As the Aptos Foundation explores how best to handle performance issues, we work with the community to use unique and innovative strategies for consensus, execution, and storage:

  • Consensus: the Quorum Store is Aptos' "Narwhal"Implementations that decouple data from metadata. This allows data propagation to occur outside of the consensus critical path, making it very efficient and scalable. Developers are in the final stages of deploying the Quorum Store to the main network.
  • Implementation:Block-STM is Aptos' parallel execution engine that uses a novel approach to integrate theSoftware Transactional Memory(STM) combined with concurrency control to execute transactions in a parallel fashion and validate them after execution and re-execute them if needed.
  • Storage: Aptos' storage approach uses a combination of persistence and in-memory storage schemes, a lock-free sparse Merkle tree implementation, caching and parallelization specifically for Block-STM.
    Looking ahead, as Aptos Network's throughput continues to expand, our team identified horizontal scaling as the most effective approach.
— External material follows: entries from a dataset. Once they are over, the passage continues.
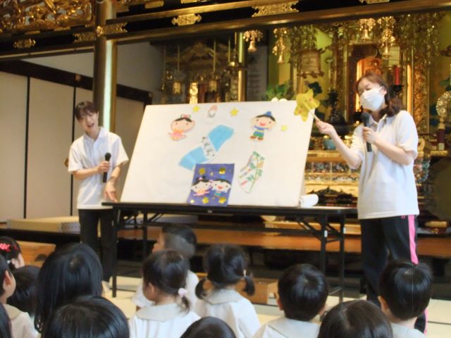 お楽しみの出し物は、植田先生と村上先生による『七夕』のお話のパネルシアターでした☆彡
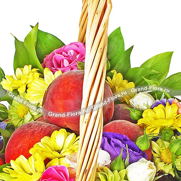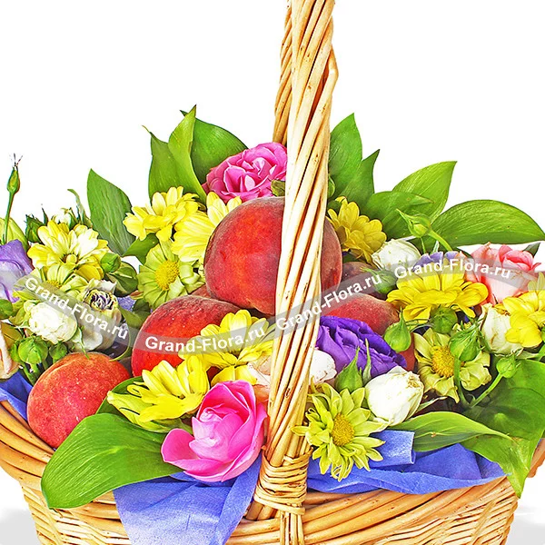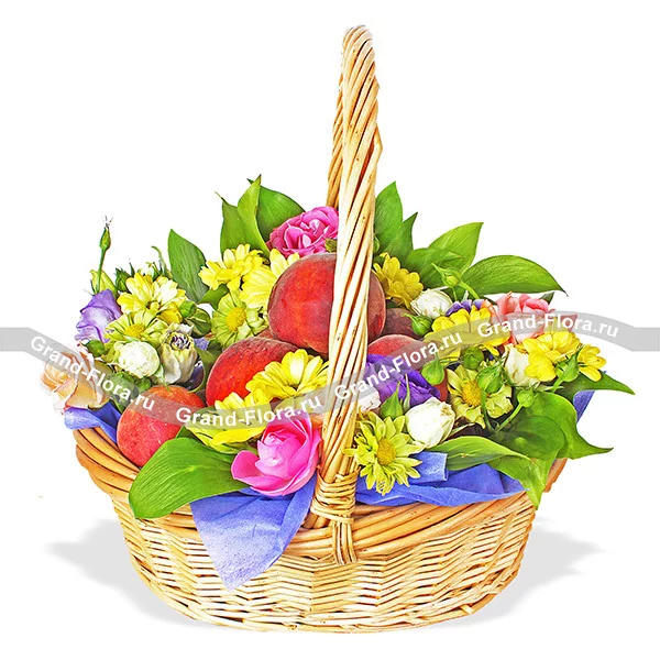 Стандартный: роза розовая (мелкий бутон)- 3 шт., хризантема мелкоцветная зеленая - 1 шт., хризантема кустовая желтая - 2 шт., эустома фиолетовая - 1 шт., роза кустовая белая - 1 шт., рускус - 2 шт., оазис, фетр синий, корзина средняя, персики - 1,5 кг.
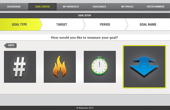 Цель Благодаря NetpulseOne ставить перед собой цели стало проще. Количество калорий, время, расстояние устанавливаются всего в несколько кликов. Независимо от тренажера или способа отслеживания результатов, каждый достигнет поставленной перед собой задачи.
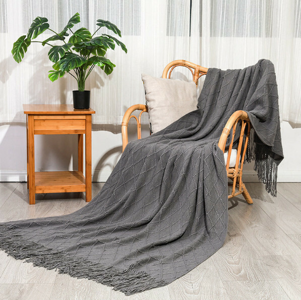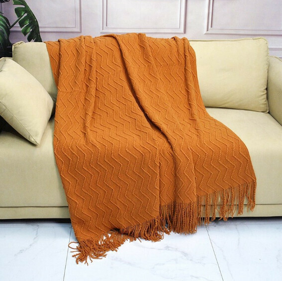 熱推純色午休蓋毯(暗橘色)(尺寸:130*230cm含流蘇)
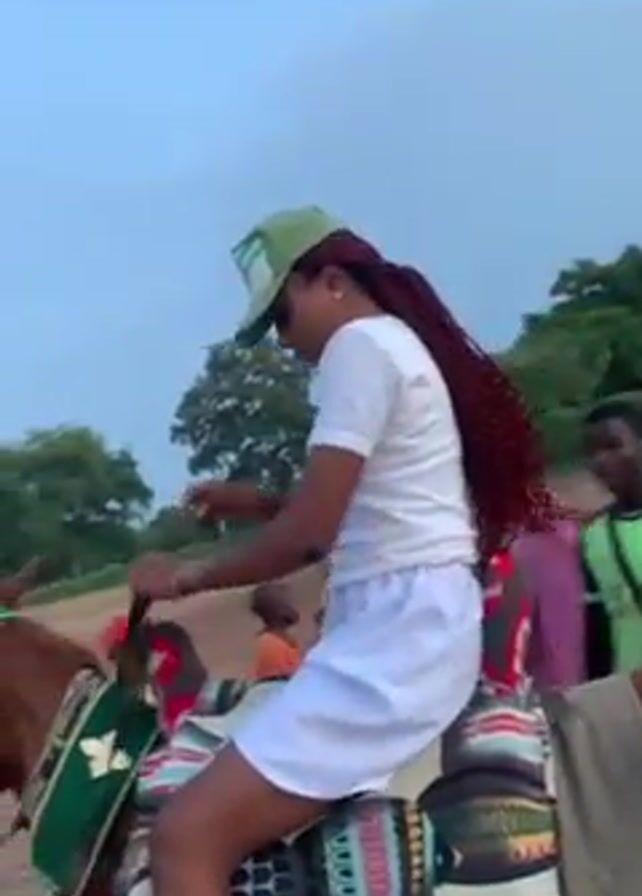 A woman with red braids rides a brown horse in a dirt field. She is wearing a white t-shirt and shorts, a green hat, and white sneakers. The horse is adorned with colorful fabric and tassels. Several people stand around watching her. The sky is overcast. Trees and buildings are visible in the background.
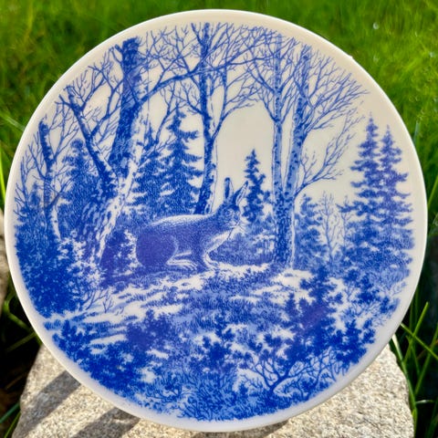 Platter fra Fauna Norvegica-serien fra Porsgrund. Diameter 13 cm. Motiv: elg og oter. Kunstner: Kjell Loa

By scaling resources in a cloud-like fashion, orders of magnitude more resources can be brought into the system, which is critical for Web3 to be adopted for mainstream use cases.
    Scaling the storage tier is the most urgent priority because it is both the bottleneck and the easiest component to scale to multiple disks or machines. There is also an opportunity to extend the Quorum Store-based consensus by scaling it horizontally. AsTheNarwhalTheAs demonstrated in the paper, when data dissemination is decoupled from metadata ordering, consensus can exceed 600k tps on multiple working machines.Finally, while the Block-STM implementations have demonstrated that it is possible to have the execution component on a single 32-core machine 160k TPS, but it will eventually become a bottleneck as storage and consensus scale. To prepare for this, developers are exploring sharding as a way to scale the execution horizontally across multiple machines.
    Building the future of Web3 together.
    At the Aptos Foundation, we are committed to the core concept of Web3 - transparency: openness.Blockchain Designand all aspects of network operations. Driving this commitment was the impetus for developing this replicable performance benchmark. This setup is a first attempt, and we hope it serves as a lens through which a dialog on performance issues can take place and consensus can be reached.
    Web3's success relies on collaboration and shared standards. We encourage the community to independently validate the results and look to our peers to challenge us to improve these methods and collectively move the industry forward.